Nous voici donc confronté à une forte contradiction : le désir d’agir comme source d’émancipation et sa limitation par l’intériorisation de l’idéologie dominante par l’individu. L’Ecole de Francfort et notamment Adorno et Horkheimer mettaient en lumière dans leurs recherches sur les industries culturelles la passivité des acteurs face aux pouvoirs dominants et à la culture, et de ce fait leur aliénation. Cependant ces pratiques managériales et plus largement culturelles visant à considérer l’individu comme un objet passif ont été contestées par des régimes de pensées. Leur but était de démontrer que l’homme pouvait désirer être pleinement acteur de sa vie et de son émancipation. Les Culturals Studies ont ainsi eu comme ligne de recherche l’idée selon laquelle les communautés et sous-cultures pouvaient construire elles-mêmes leurs existences et constituaient des secteurs réflexifs d’émancipation sociale. Cette dimension critique face à l’image du consommateur culturel passif se place dans une démarche de libération des groupes minoritaires, une reprise en main de leur vie par ces groupes sociaux marginalisés. Ainsi donc, l’empowerment trouverait ses limites politiques et culturelles par ces recherches, lesquelles nous poussent à nous interroger sur la véritable nature du pouvoir mis dans les mains des individus.

Comme il a été dit précédemment et pour l’expliciter au sens de Laure Ferrand, le processus d’empowerment a pour but de « stimuler l’initiative de chacun à travers une réappropriation du savoir et une réflexivité émancipatrice »7. La double articulation mise en lumière par Marie-Hélène Bacqué, entre terminologie du pouvoir et apprentissage pour y accéder est réhabilitée par ces propos et pousse au questionnement sur cette conception du pouvoir. L’empowerment, en somme de tout ce qui a été dit ici, serait l’assemblage de cette dimension politique et de l’apprentissage des communautés et sous-communautés pour y parvenir dans un contexte de libéralisation de la société. Plus succinctement il s’agirait de réhabiliter un contrat social entre dominants et dominés pour équilibrer le partage du pouvoir et des moyens d’actions. Il faut donc se demander si l’empowerment, au-delà d’une stratégie étatique ou managériale, peut être réellement pratiqué de façon sincère et utile à l’émancipation sociale. Pour Bernard Jouve, trois idées concernant l’empowerment permettent de répondre à cette interrogation. La première consiste pour des optimistes à considérer l’empowerment comme un facteur de démocratisation par la diminution des conflits sociaux et rapports de forces entre dominants et dominés. La seconde concerne des sceptiques pour lesquels l’effet de l’empowerment serait en réalité limité. Finalement la troisième idée est critique et porte à percevoir l’empowerment comme une mise en place purement stratégique de l’État afin de se déresponsabiliser de certains éléments de la société.8 Globalement, l’empowerment viserait à renverser les rapports classiques de domination par un transfert des ressources politiques et de capacités d’actions.

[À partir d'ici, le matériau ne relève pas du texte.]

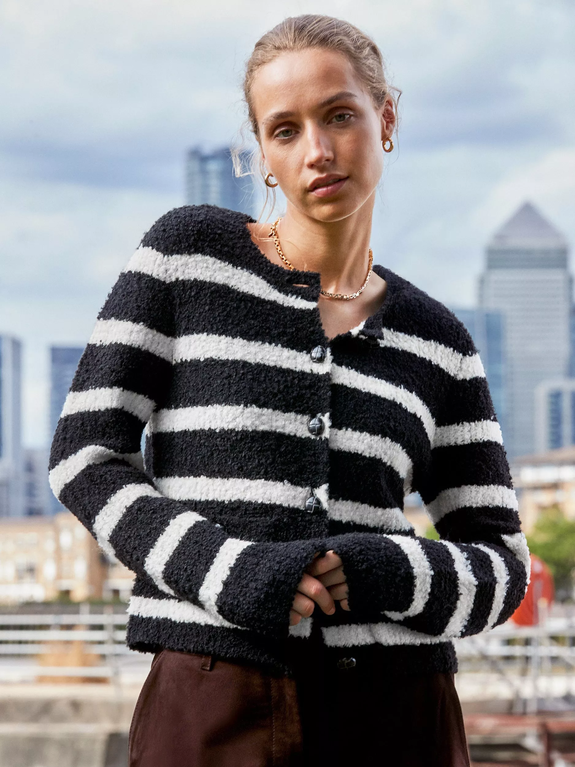 Cut with a round neck and long sleeves, this mid-weight stripe print cardigan by Ro&Zo is a fine match for grey skies in a warming woollen blend.
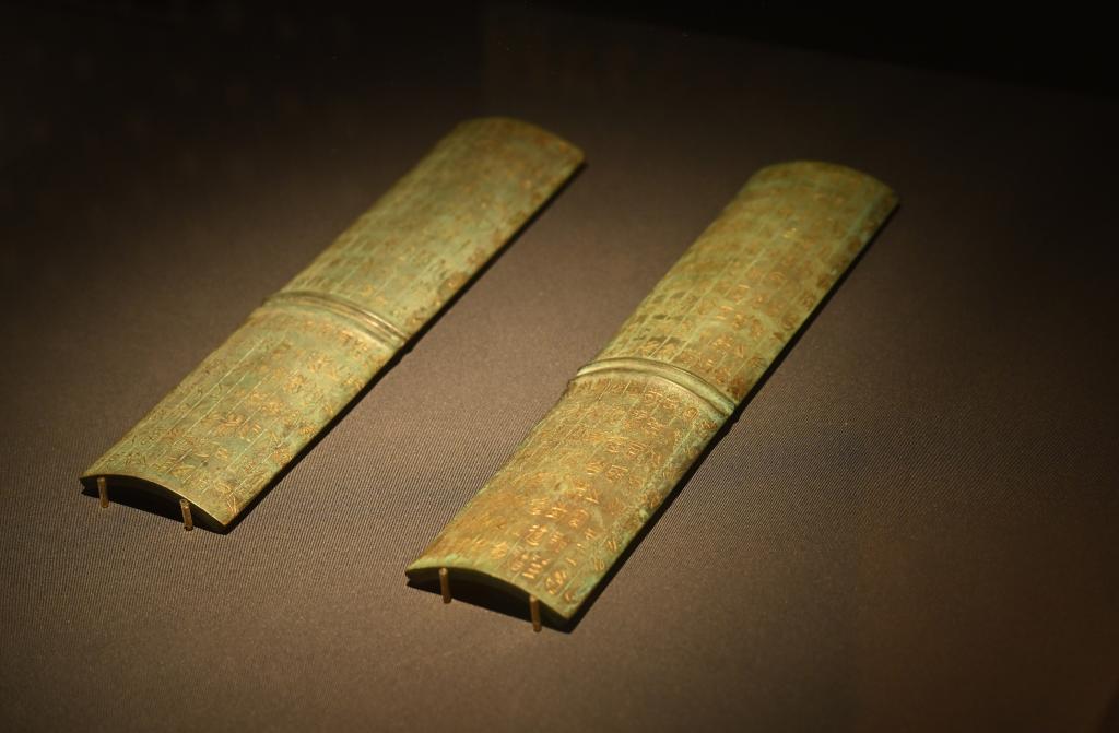壽縣邱家花園出土的鄂君啟金節(jié)(復(fù)制品),原件現(xiàn)收藏于中國(guó)國(guó)家博物館和安徽博物院。新華社記者 周牧 攝

Les différentes visions s’entremêlent donc et il est difficile de percevoir une réelle dominance dans les pratiques d’empowerment. C’est pourquoi il est nécessaire de les actualiser à notre société contemporaine par la démocratisation et le partage de données ou savoirs, et plus précisément via les réseaux communautaires et associatifs, Internet, l’art, l’expérience ou le Do It Yourself.

Bibliographie :
1- SCORALO Julien, « De la reconnaissance à l’influence ? Heurts et enjeux d’une tentatived’empowerment en France », Géographie, économie, société, 2006/1 Vol. 8, p. 87-106.
2- BACQUE Marie-Hélène, « Empowerment et politiques urbaines aux Etats-Unis », Géographie, économie, société, 2006/1 Vol. 8, p108.
3- JOUVE Bernard « Éditorial. L’empowerment : entre mythe et réalités, entre espoir et désenchantement », Géographie, économie, société, 2006/1 Vol. 8, p. 5-15.
4- BACQUE Marie-Hélène, « Empowerment et politiques urbaines aux Etats-Unis », Géographie, économie, société,  2006/1 Vol. 8,  p. 122.
5- SPINOZA cité par LORDON Frédéric, dans Capitalisme, désir et servitude, Marx et Spinoza, Paris, La Fabrique éditions, 2010. p25.
6- LORDON Frédéric, Capitalisme, désir et servitude, Marx et Spinoza, Paris, La Fabrique éditions, 2010, p17.
7- FERRAND Laure, « Subculture musicale. La musique pratiquée aux marges », Volume 8, n°1, 2011, p321.